One of the most ambitious real-estate-development projects in Philadelphia involves revamping a 42-acre eyesore on the banks of the Schuylkill River into a hub featuring gleaming office towers, apartments, a hotel and restaurants. The catalyst for the $2 billion redevelopment: the University of Pennsylvania.

Universities, increasingly, are extending their reach to off-campus development in an effort to give their surrounding areas and town centers a vibrant and modern feel. In the process, they are becoming major drivers of economic development after concluding that their fortunes are directly tied to those of their cities.



"The future of Penn depends on the future of Philadelphia," says Penn President Amy Gutmann. "If we don't take on the challenge of helping to redevelop our part of the city, nobody else is going to do it as well as we are going to do it." University officials say the campaign could eventually bring 4,000 new jobs to the area.

Another reason for the push is that institutions are recognizing that, along with lucrative financial packages and strong academic reputations, they need to have attractive and exciting college towns to lure top faculty and students.

The University of Maryland in College Park is converting a 38-acre tract of industrial development on its campus into a shopping district with a hotel, theaters and a music center to further spur redevelopment along a depressed stretch of U.S. Route 1, the town's main thoroughfare.

"We've actually lost some [potential] faculty who have driven down Route 1 and said, 'We're not going to move here,' " says Douglas M. Duncan, who is overseeing the $700 million redevelopment project.

Cleveland's Case Western Reserve University is developing an arts and retail district in a neighborhood on its campus border that students and faculty consider unsafe. "We've been living around it for years," says Margaret Carney, Case Western's architect and planner. Other universities, including Harvard and Columbia, have begun to develop recently acquired, large parcels adjacent to their campuses.

Penn's project is part of a $6.7 billion 30-year expansion and follows a separate effort that began more than 10 years ago to improve blighted parts of its residential community after a crime wave threatened student and faculty recruitment. The university renovated homes, converted a parking lot into a bookstore and movie theater and opened a public school to spur community development. "It turned into a competitive advantage," says Judith Rodin, who served as Penn's president for 10 years until 2004.

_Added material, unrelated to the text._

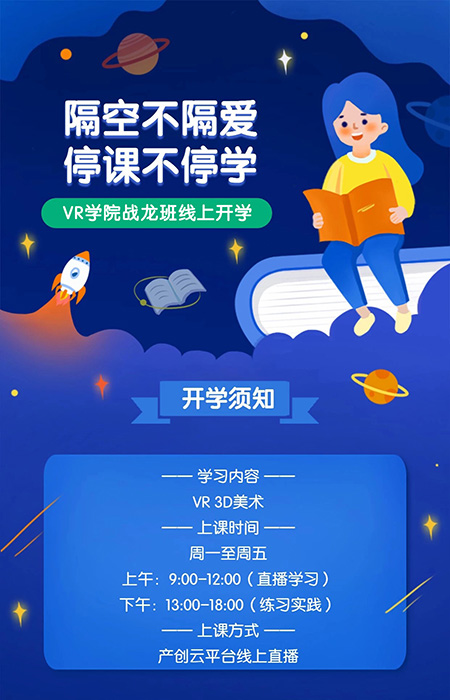 面对突如其来的疫情,为认真贯彻落实上级主管部门和校党委关于疫情期间“停课不停学”精神,VR学院充分利用“网龙产创云”网络学习平台,于2月24日起开展线上教学,学生通过登录平台签到进行学习,并完成老师在平台上布置的相应学习任务。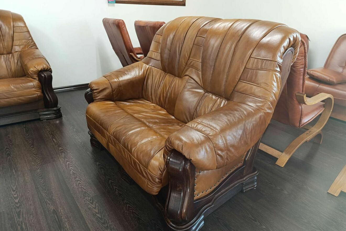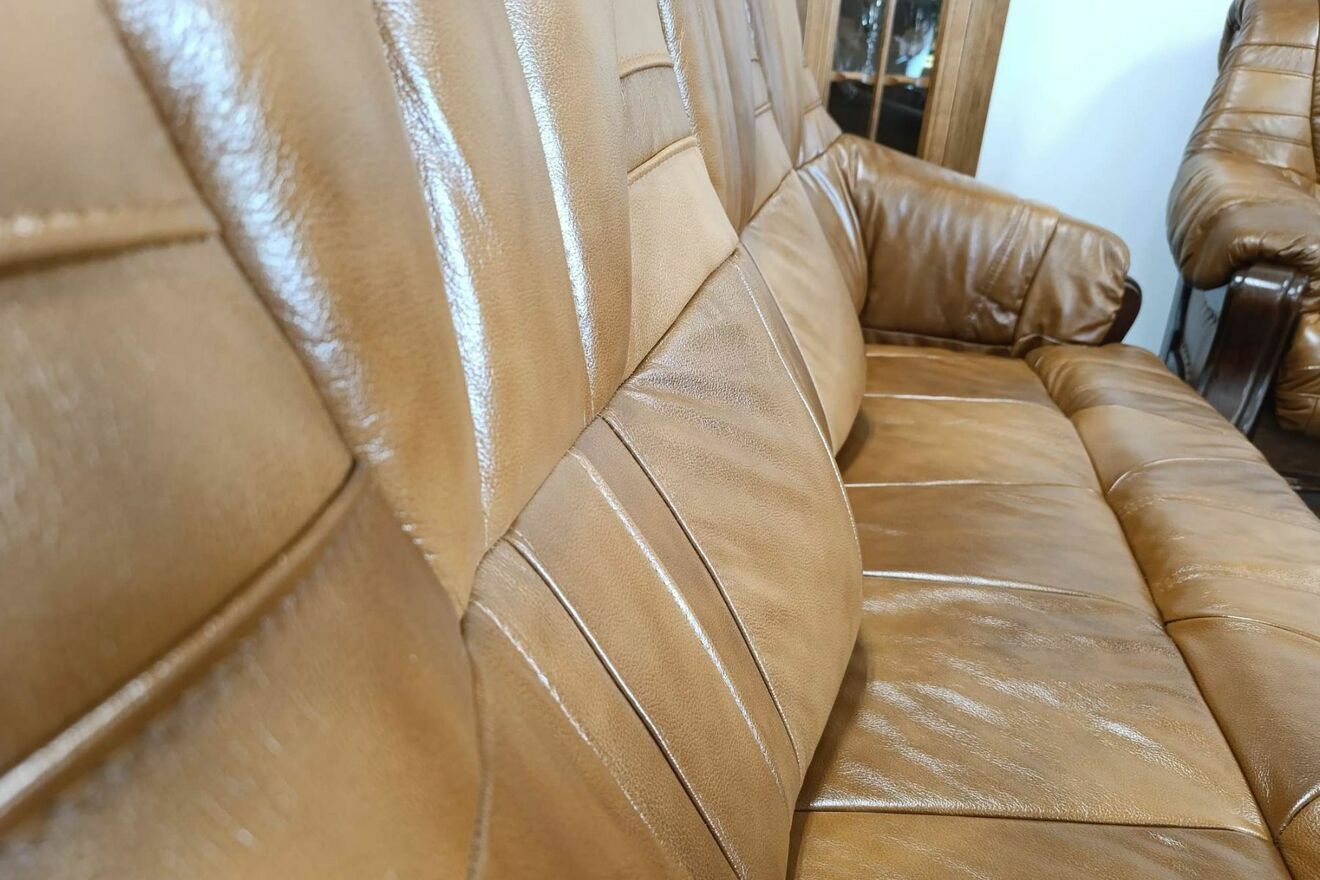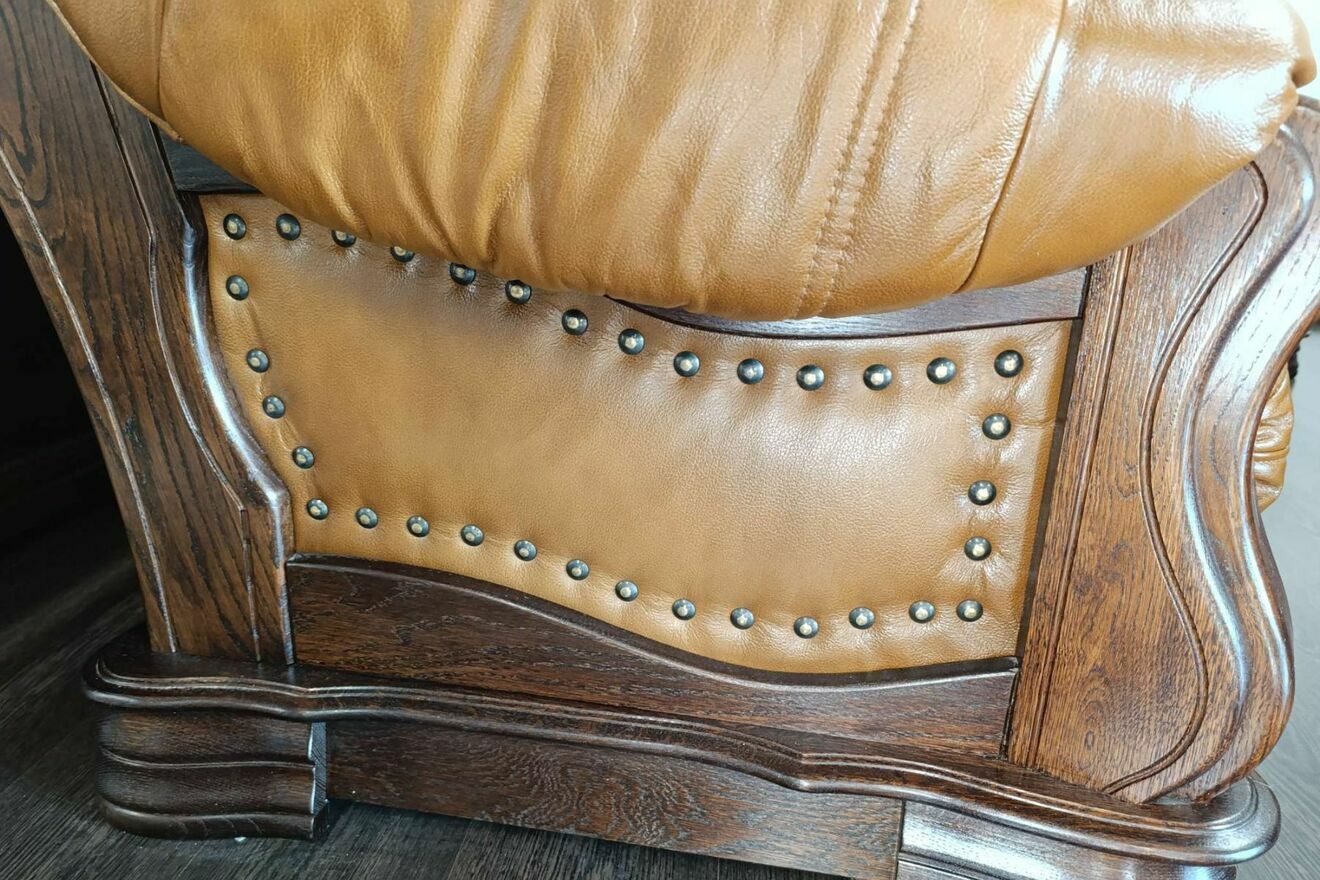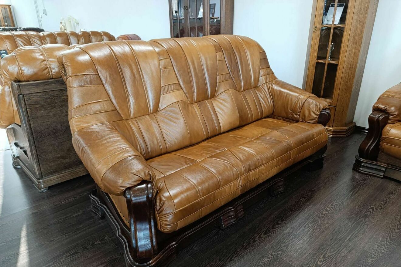Komplet Patrycja ma bardzo bogaty, masywny stelaż dębowy z bokami obitymi skórą naturalną oraz cekinami. Głębokie siedziska i wysokie oparcia gwarantują pełne podparcie dla nóg i kręgosłupa, zapewniając komfort użytkowania. Jeden z najwygodniejszych!Meble wykonane na stelażach drewnianych mają piękny elegancki design szczególnie polecany osobom kochającym bardziej klasyczne aranżacje. Drewno dębowe w połączeniu ze skórą naturalną tworzy niesamowity klimat we wnętrzu

But real-estate deals aren't always an easy sell. While a private developer will handle Penn's current project, the university couldn't find a partner during its first wave of development in the 1990s, forcing university leaders to justify the school's decision to invest $100 million on its own, as some faculty preferred to see more money go toward faculty endowments.

Neighbors also eye some expansion projects warily, such as New York University's proposal to add six million square feet to its campuses in the next 25 years, half of that in Greenwich Village. "There are more and more parts of the neighborhood where you feel like NYU is the sole defining entity, and that footprint is growing and growing," says Andrew Burman, executive director of the Greenwich Village Society for Historic Preservation.

Developers are eager to join ventures with colleges, which they see as providing a steady stream of business. "Universities are fairly reliable partners," says Sal D. Rinella, president-elect of the Society for College and University Planning, who argues that universities are recession-resistant: "As the overall economy gets worse, higher education enrollments tend to go up."

Penn's campus expansion will allow the school to move administrative and nonessential activities to the campus periphery while bringing academic and residential units to the campus center.

Penn has partnered with Brandywine Realty Trust, which has a 90-year lease on the property it plans to develop. Construction has begun on one parcel, but the 2012 completion date for the 43-story Cira Centre South office building could be pushed back by the current credit crunch. The developer says it is looking for partners and will decide next year whether to change its timetable.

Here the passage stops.